Moderate-risk operations: code generation, document drafting, data analysis
Time-sensitive workflows: where waiting for approval would negate the value
Experienced operators: humans who understand the domain and can spot problems quickly
Iterative development: testing agent behavior before moving to less oversight

Implementation: Streaming with Kill Switch

import asyncio
from dataclasses import dataclass


@dataclass
class MonitorState:
    """Shared state for human monitoring."""
    should_abort: bool = False
    abort_reason: str = ""
    step_log: list = None

    def __post_init__(self):
        self.step_log = []

    def abort(self, reason: str):
        self.should_abort = True
        self.abort_reason = reason


async def run_agent_with_monitoring(
    query: str,
    tools: dict,
    monitor: MonitorState,
    max_steps: int = 10,
) -> str:
    """Agent loop that checks for human intervention at each step."""
    messages = [
        {"role": "system", "content": "You are a helpful assistant."},
        {"role": "user", "content": query},
    ]

    for step in range(max_steps):
        # Check for human abort before each step
        if monitor.should_abort:
            return f"Aborted by human at step {step}: {monitor.abort_reason}"

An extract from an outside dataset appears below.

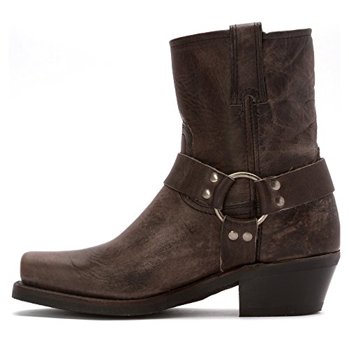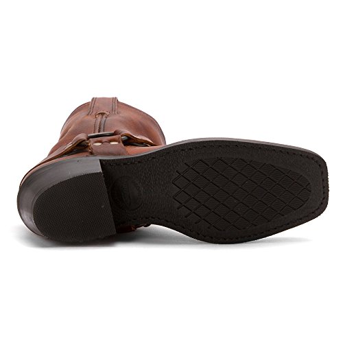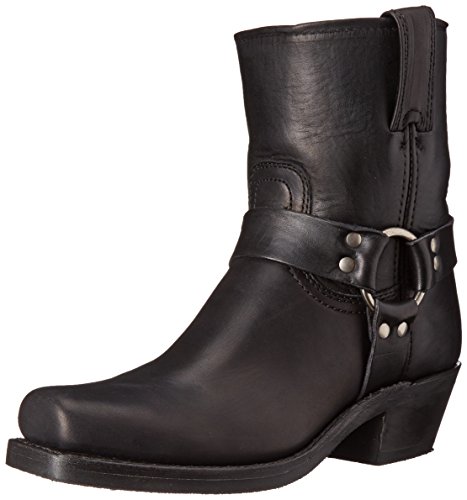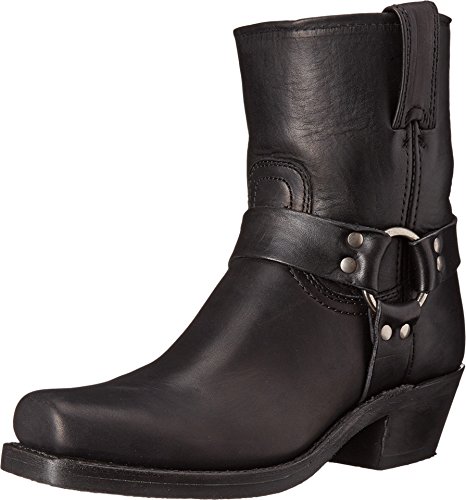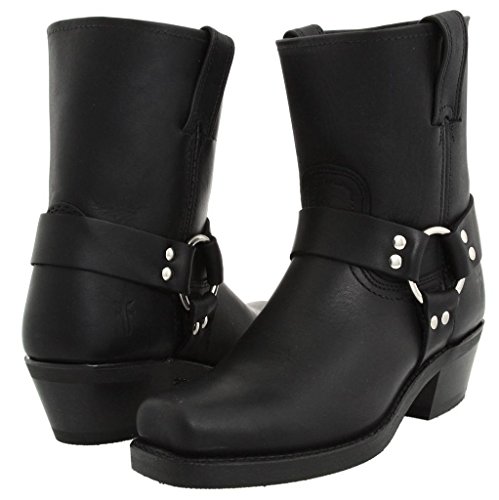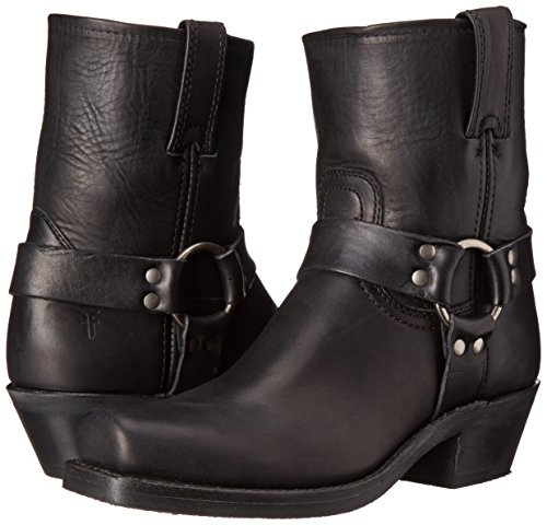 Product DescriptionDistressed leather and a harness overlay compose these Frye boots. Square toe. Pull-tabs at top line. Stacked heel and textured rubber sole.0

        response = await call_llm_async(messages, tools)
        messages.append(response)

        # Log the step for monitoring
        monitor.step_log.append({
            "step": step,
            "type": "llm_response",
            "content": response.content,
            "tool_calls": [tc.function.name for tc in (response.tool_calls or [])],
        })

        if not response.tool_calls:
            return response.content

        for tool_call in response.tool_calls:
            # Check abort before each tool execution
            if monitor.should_abort:
                return f"Aborted before executing {tool_call.function.name}: {monitor.abort_reason}"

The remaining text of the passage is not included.